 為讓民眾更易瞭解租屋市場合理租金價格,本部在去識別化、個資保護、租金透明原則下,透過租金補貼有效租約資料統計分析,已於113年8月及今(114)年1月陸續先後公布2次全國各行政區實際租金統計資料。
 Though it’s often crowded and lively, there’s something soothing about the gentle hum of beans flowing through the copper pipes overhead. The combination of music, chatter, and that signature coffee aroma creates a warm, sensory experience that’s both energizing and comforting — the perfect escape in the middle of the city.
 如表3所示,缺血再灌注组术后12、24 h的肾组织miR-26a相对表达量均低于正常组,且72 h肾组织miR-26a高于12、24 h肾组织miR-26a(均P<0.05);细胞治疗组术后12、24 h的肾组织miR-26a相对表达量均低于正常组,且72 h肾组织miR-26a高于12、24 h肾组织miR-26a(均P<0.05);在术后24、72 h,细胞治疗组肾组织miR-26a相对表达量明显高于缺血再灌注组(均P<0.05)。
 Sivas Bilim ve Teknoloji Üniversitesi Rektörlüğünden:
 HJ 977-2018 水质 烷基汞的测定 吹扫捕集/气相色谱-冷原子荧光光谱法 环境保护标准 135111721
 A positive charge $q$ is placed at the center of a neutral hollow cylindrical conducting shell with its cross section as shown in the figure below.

════════

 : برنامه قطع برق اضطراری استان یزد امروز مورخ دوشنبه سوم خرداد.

════════

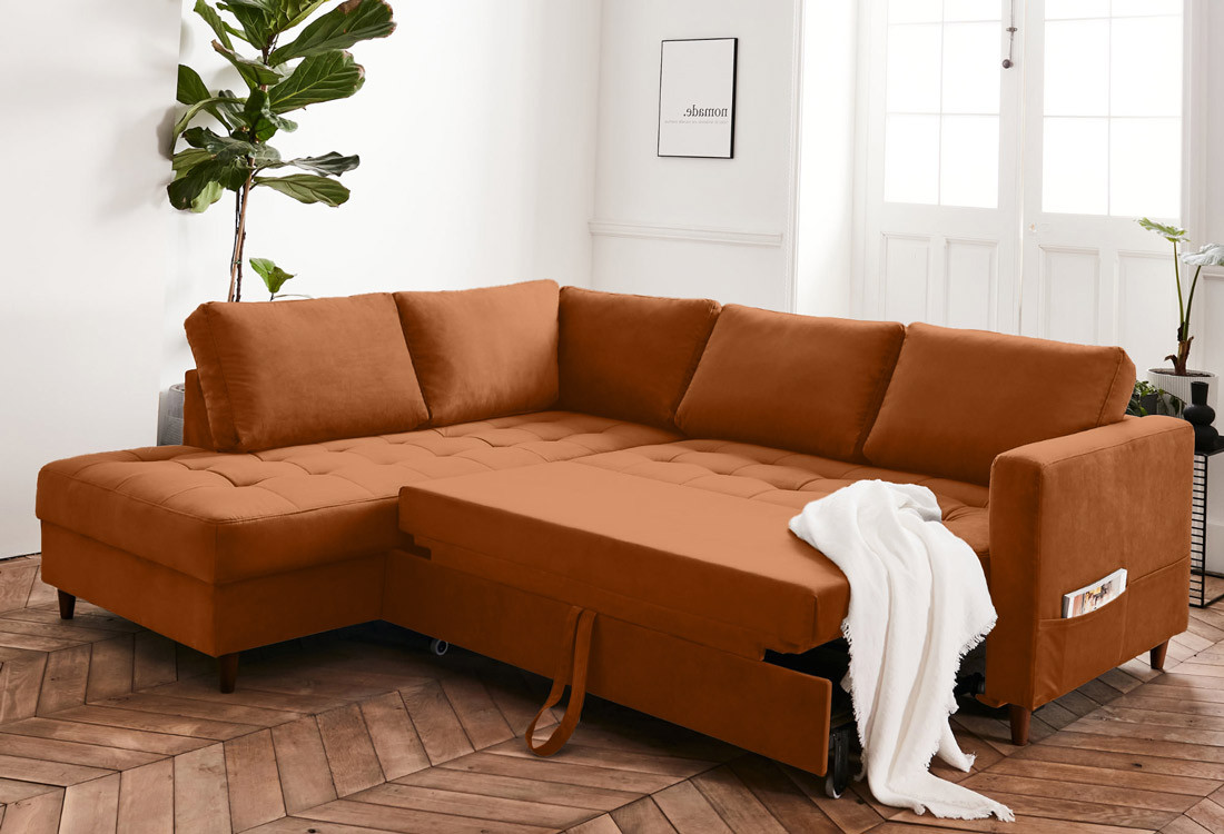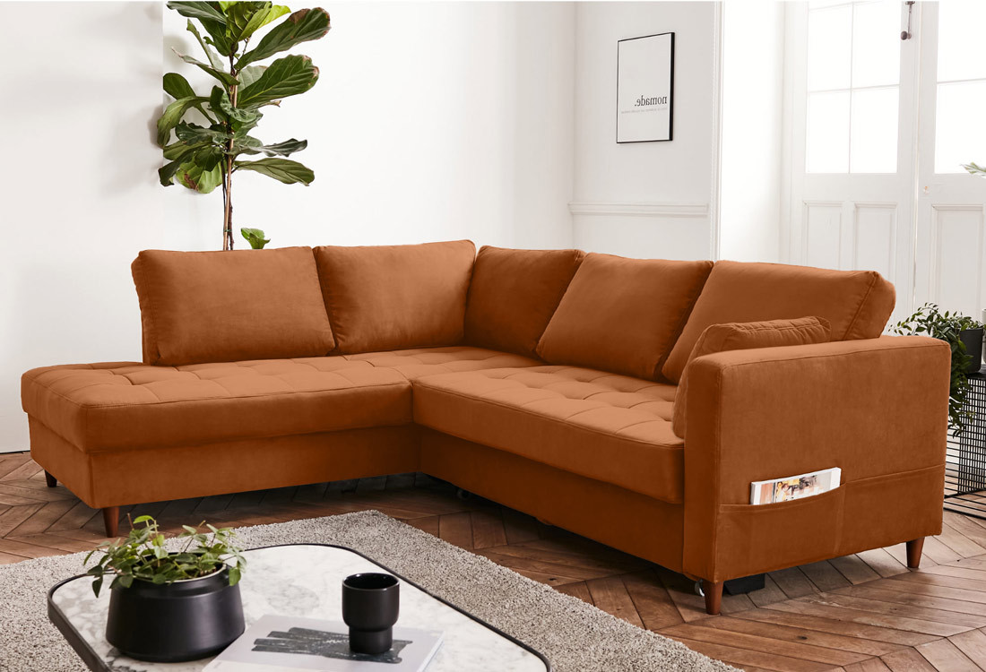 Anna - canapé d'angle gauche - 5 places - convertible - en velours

════════

- ACTIVITY
Starting with the line with "Though it’s often" above and going on through the line with "A positive charge", transcribe every line exactly, both ends included, and add nothing.

- TASK ANSWER
 Though it’s often crowded and lively, there’s something soothing about the gentle hum of beans flowing through the copper pipes overhead. The combination of music, chatter, and that signature coffee aroma creates a warm, sensory experience that’s both energizing and comforting — the perfect escape in the middle of the city.
 如表3所示,缺血再灌注组术后12、24 h的肾组织miR-26a相对表达量均低于正常组,且72 h肾组织miR-26a高于12、24 h肾组织miR-26a(均P<0.05);细胞治疗组术后12、24 h的肾组织miR-26a相对表达量均低于正常组,且72 h肾组织miR-26a高于12、24 h肾组织miR-26a(均P<0.05);在术后24、72 h,细胞治疗组肾组织miR-26a相对表达量明显高于缺血再灌注组(均P<0.05)。
 Sivas Bilim ve Teknoloji Üniversitesi Rektörlüğünden:
 HJ 977-2018 水质 烷基汞的测定 吹扫捕集/气相色谱-冷原子荧光光谱法 环境保护标准 135111721
 A positive charge $q$ is placed at the center of a neutral hollow cylindrical conducting shell with its cross section as shown in the figure below.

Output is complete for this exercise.